The point of a retry is that you are re-attempting to deliver a request or an action where it had failed the first time around. Now, a retry can be both asynchronous and synchronous. However, usually you would not be putting extensive retrying (if at all) on synchronous requests - especially those with direct user interaction.
This is because retrying makes such a user interaction longer, and so it is typically favorable to fail-fast and notify the user as opposed to trying again. That being said, you need to weigh the trade-off between the importance of request completion and user experience. This trade-off will depend on the context and is not always obvious.
Asynchronous requests are where you would have more extensive retrying because these typically happen in the background and do not involve direct user interaction.
At its core, the concept of "retries" is simple to understand - ie - repeat an action for a number of times until it is either successful or fails after a pre-set number of attempts.
In practice, however, there is a lot of nuance and things you must consider when implementing retries.
These are the concepts to be aware of:
Exponential Back-Off
The idea behind retries, like we said, is to reattempt delivery of a message, query, or command. The simplest way to do that is to have a configurable time frame after which the message will be redelivered. For example, every 30 seconds. Now, of course you would put some reasonable limit on that so that you don't retry indefinitely and flood your system with requests that potentially may never complete.
Let's say that you've configured a maximum of 5 attempts spaced out at 30 seconds each.
The problem is that - because you are delivering these messages at the same time, there is a chance that the destination system becomes overwhelmed and fails due to that. This happens all the time with systems that process large volumes of information. The reason is that the designation system does not have a chance to recover since it continues to receive the same volume of requests time after time.

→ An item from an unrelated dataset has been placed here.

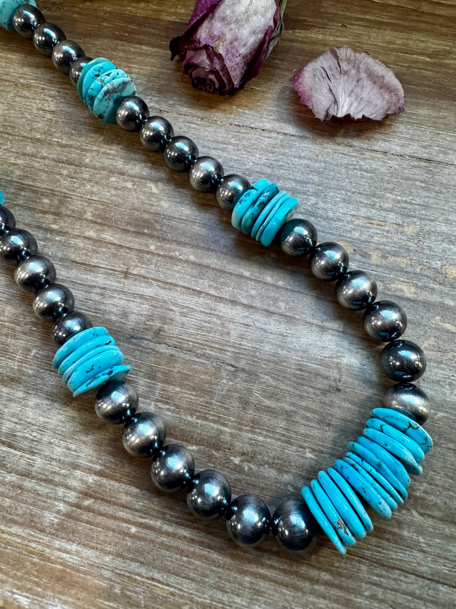 Part of our exclusive NFR Collection, this one-of-a-kind necklace was handmade in the USA. Measuring 35 inches long, it features a stunning combination of 8mm and 14mm sterling silver pearls, finished with a non-tarnish hook for durability. At its center sits a bold 20mm blue turquoise rondelle, adding the perfect Western touch. Only one was made — a true collector’s piece that stands out with its handcrafted detail and high-quality materials.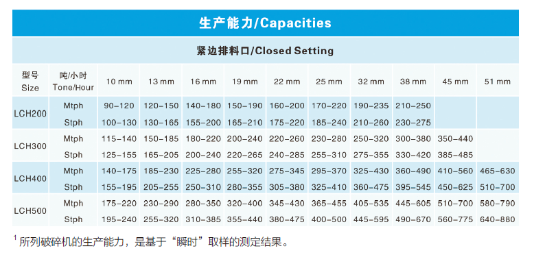 生產(chǎn)能力表可作為LCH 圓錐破碎機(jī)初步選型的工具,表中數(shù)據(jù)適用于松散密度1.6t/m3 的給料、給料中篩出小于排礦口粒級、開路作業(yè)條件下的生產(chǎn)能力。在給料中細(xì)粒級含量較高、閉路作業(yè)條件下,設(shè)備能力比開路作業(yè)高15%- 30%。破碎機(jī)作為生產(chǎn)回路中的一個(gè)重要組成部分,其性能的發(fā)揮部分取決于給料機(jī)、皮帶機(jī)、振動篩、支撐結(jié)構(gòu)、電動機(jī)、傳動裝置及料倉等輔件的正確選擇和操作。

One way to mitigate that from happening is to introduce "exponential backoff", which works by spreading our retry requests over an increasing (exponentially) span of time. Here's an example of how it would work.
First retry - delivered after 30 seconds from the original failed request.
Second retry - delivered after 60 seconds from the first retry.
Third retry - delivered after 120 seconds from the second retry.
And so on…
The point being that if the volume of your requests overwhelmed the destination application, retrying that same volume again and again, wouldn't solve the problem. It will only exacerbate things.
Hence, we introduce a degree of variability so that requests are spread out over a longer time frame that gets wider over time.
Jitter
Sometimes, introducing exponential back-off is not enough and you need true randomness. That's where the concept of Jitter comes along.
When introducing jitter to a retry mechanism, we are introducing a level of randomness and unpredictability. This helps spread out requests further over time and increases the likelihood that the destination will have enough capacity to process these requests.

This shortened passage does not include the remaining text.